About this exercise
Leaving out the pictures, write out exactly each line from the line with "申裕斌絕對是韓乒裏面最忙碌的" through the close of the listing below.
--- Information shown ---
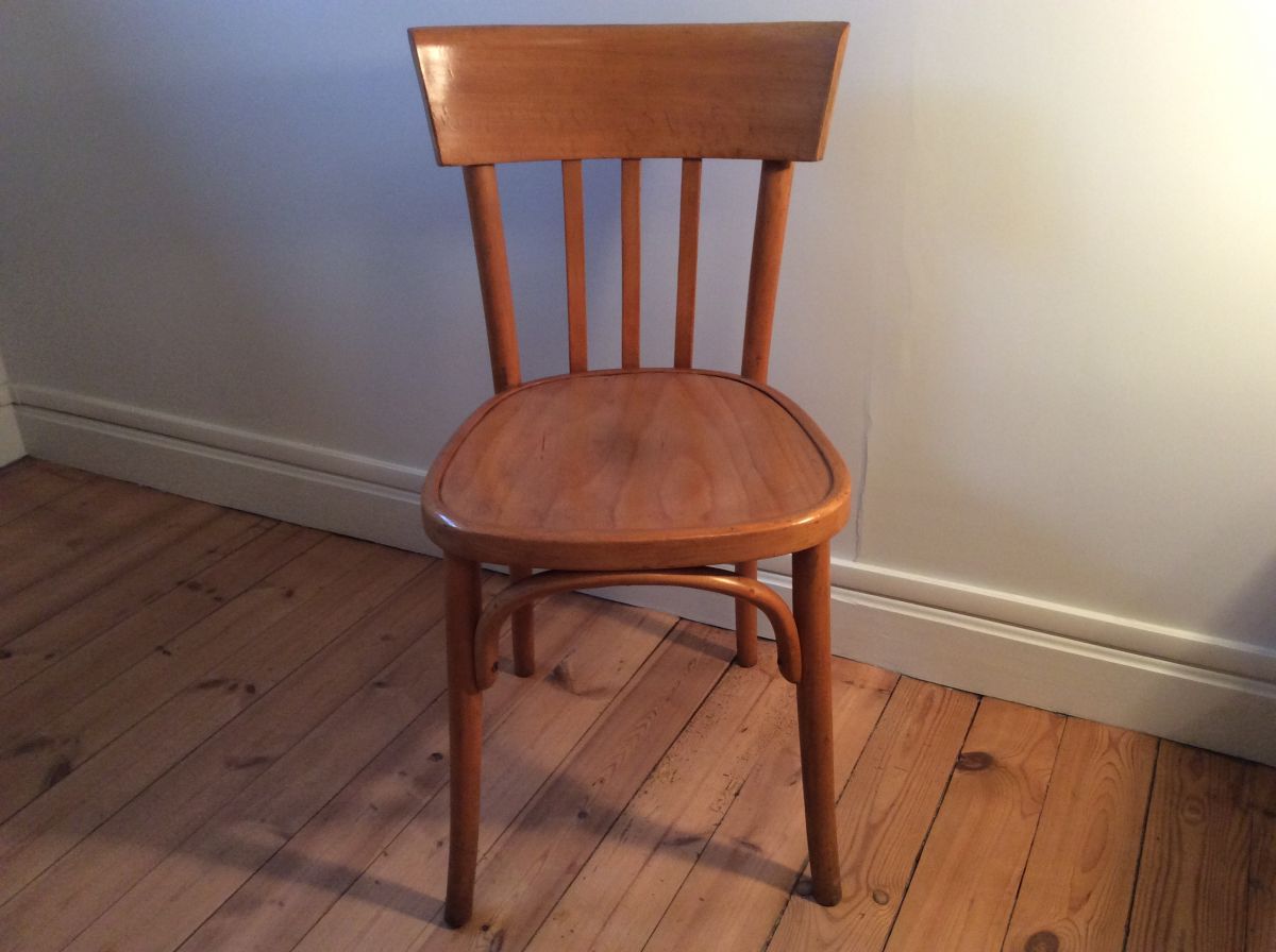 Chaise bistrot années 30 - Célèbre modèle, type Bauman - non signé mais correspondant totalement aux standards et finitions de la marque. Hêtre blond. Très bon état général. Solide et stable. Contreforts courbés sous assise
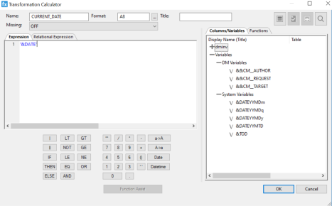 Note: If you do not supply a format, the ibi Data Migrator desktop interface will automatically provide the format based on the expression. Similarly, if you supply the wrong format, the desktop interface replaces it with the correct format using a pop-up notification to advise you of the change.
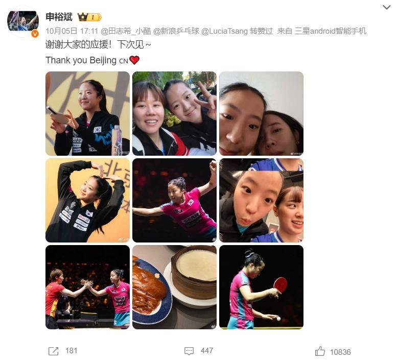 申裕斌絕對是韓乒裏面最忙碌的,她在WTT北京大滿貫打進四強,10月4日打完最後一場比賽,10月5日剛剛返回韓國,10月7日又從韓國飛往印度,申裕斌的休息時間也非常之少。
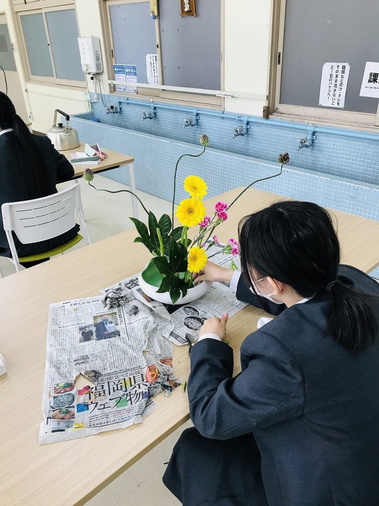 1年生、国際教養コースには、「文化理解」という授業があります。具体的には、茶道と華道について学びます。海外に留学した時に、日本の文化を正しく外国の人に伝えることができるようになることが目的です。大変素晴らしい作品を飾っていただきました、ありがとうございました。
---
Response area
 申裕斌絕對是韓乒裏面最忙碌的,她在WTT北京大滿貫打進四強,10月4日打完最後一場比賽,10月5日剛剛返回韓國,10月7日又從韓國飛往印度,申裕斌的休息時間也非常之少。
 1年生、国際教養コースには、「文化理解」という授業があります。具体的には、茶道と華道について学びます。海外に留学した時に、日本の文化を正しく外国の人に伝えることができるようになることが目的です。大変素晴らしい作品を飾っていただきました、ありがとうございました。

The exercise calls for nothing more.